- Born: July 24, 1920 New York City, U.S.
- Died: November 21, 2004 (aged 84) New York City, U.S.
- Education: Indiana University Bloomington
- Partner(s): Florence Edelman ​ ​(m. 1942; div. 1974)​ Roslyn Ross
- Children: Arthur Edelman; Susan Bleckner; Joseph Edelman; Ann Korchin;
- Scientific career
- Institutions: Greenpoint Hospital; U.S. Army Medical Corps; Montefiore Medical Center; Peter Bent Brigham Hospital; University of California, San Francisco;

Notes
- Robert V. Levine (nephew)

= Isidore Edelman =

American physician and researcher

Isidore Samuel Edelman (July 24, 1920 - November 21, 2004) was an American physician and researcher. Much of his research was devoted to the study of the distribution of water and electrolytes in the body in healthy and diseased persons. In recognition of his research, he was elected as a member of the National Academy of Sciences in 1973.

==Early life and education==
Isidore Samuel Edelman was born on July 24, 1920, in Brooklyn, New York City. His parents, Abraham and Fanny Edelman, were both Jewish immigrants; his mother arrived from Poland at about fifteen years old, and his father had immigrated from Lithuania at age fifteen or sixteen. He had a brother, Jerome Edelman, and sister, Esther Edelman Levine.
Edelman first attended Brooklyn College before transferring to Indiana University Bloomington, where he received a bachelor's degree in chemistry. He was a member of the Phi Beta Kappa honor society. He was rejected from seventeen medical schools before ultimately returning to Indiana University for medical school, graduating in 1944 with his Doctor of Medicine.

==Career==
After graduating with his MD, he returned to Brooklyn to intern at Greenpoint Hospital. He then served in the U.S. Army Medical Corps from 1945 to 1947, serving in the psychiatry division in Panama. Following his discharge from the Army, he completed his medical residency at Montefiore Medical Center in the Bronx. In 1951, he began working at Peter Bent Brigham Hospital at Harvard Medical School as a fellow of the United States Atomic Energy Commission; working with Francis Daniels Moore, he used deuterium and radioactive isotopes to examine how various diseases changed the distribution of water and electrolytes within the body. After his funding was withdrawn by the Atomic Energy Commission, the American Heart Association made him one of their first established investigators. In 1954 was hired by the University of California, San Francisco. In his laboratory at the San Francisco General Hospital, he continued his research on fluid and sodium distribution in the body, including edema.

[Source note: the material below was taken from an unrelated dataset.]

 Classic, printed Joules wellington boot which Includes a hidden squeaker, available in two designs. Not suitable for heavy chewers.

In 1978, he joined Columbia University as the chair of the biochemistry and molecular biophysics department. He succeeded Ernst Knobil as editor of the Annual Review of Physiology in 1979, holding the position until 1982. He became the co-director of Columbia's Human Genome Program in 1991, and in 1995 became director of the genome center. He retained his leadership at the genome center until 2000.

==Awards and honors==
In 1973, he became an elected member of the National Academy of Sciences. In 1996, he was awarded the Robert H. Williams Distinguished Leadership Award from the Endocrine Society. He was awarded the A.N. Richards Award in 1999 from the International Society of Nephrology.

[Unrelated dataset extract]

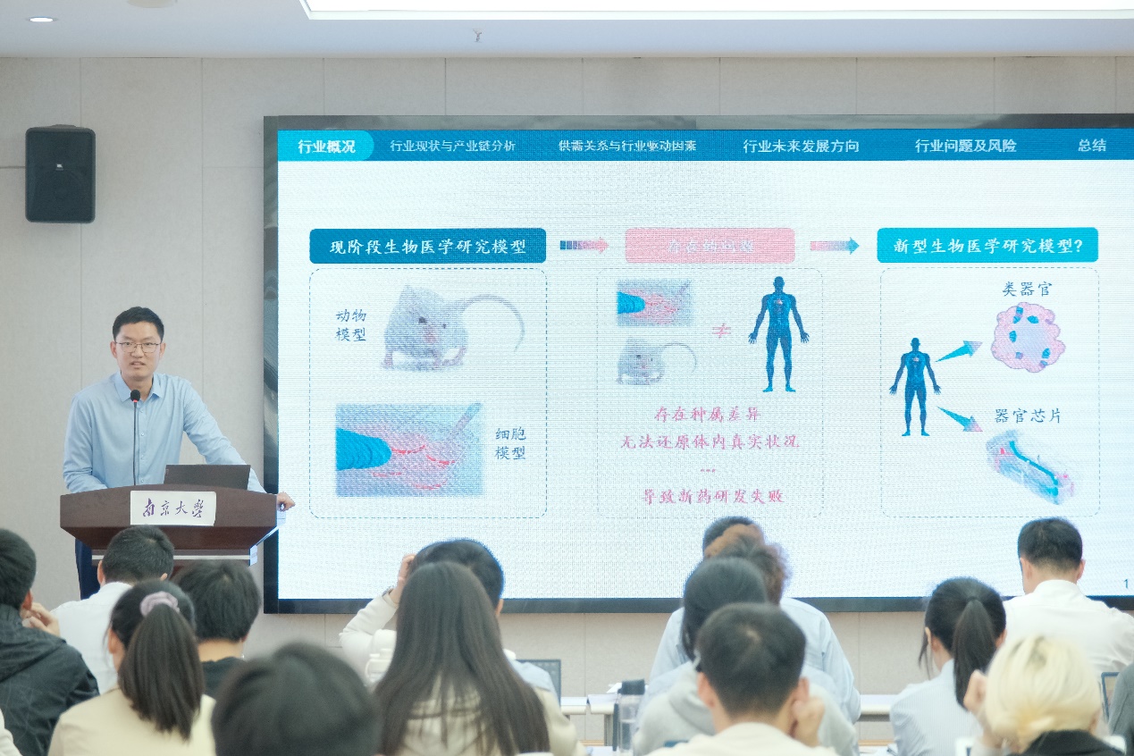 “类器官与器官芯片行研队”由六合彩论坛 2022级博士生张礼堃担任队长,团队成员有六合彩论坛 2022级硕士王园梦及商六合彩论坛 2022级本科生李傲雪。近年来,为了克服传统生物医学研究模型的不足,越来越多的科学家开始构建新型类器官和器官芯片模型,以期在体外复刻人体器官或组织。在这一大趋势的推动下,众多类器官及器官芯片企业应运而生,行业热度逐年增加。然而,这一行业尚处于早期阶段,缺乏统一的行业技术标准体系,在还原度等方面也未能完全满足需求。基于这一行业的广阔发展前景,该团队通过“行走课堂”参访了恒瑞医药、阿斯利康和欧莱雅等企业,在此过程中,团队成员深刻感受到类器官与器官芯片技术的巨大潜力,也让他们深切领悟到科技进步为人类健康带来的新希望和无限可能。张礼堃作为队长带领团队回顾总结了该行业的历史与现状、分析了其存在的问题和风险,并对该行业未来的发展方向进行了展望。

==Personal life and death==
Edelman was friends with several members of the Communist Party USA, with whom he would attend social gatherings. He said he attended two party meetings in 1943 in Indianapolis, and briefly had a subscription to the Daily Worker. He was eventually brought before the House Un-American Activities Committee and asked to name names. Likely as a result of this, the Atomic Energy Commission withdrew his research fellowship and funding. Harvard did not offer a defense of Edelman nor of other faculty accused of anti-American activities. Edelman remained grateful to the American Heart Association for making the politically risky move of offering him funding after he was accused of un-American activities; he requested that charitable donations after his death be made to the AHA.

Edelman was twice married. He and his first wife Florence married in 1942 and had four children together, two sons (including Joseph Edelman) and two daughters. They divorced in 1974 after thirty-two years of marriage. His second marriage was to Roslyn Ross. Idelman died in Manhattan on November 21, 2004, at the age of 84 from gastrointestinal cancer.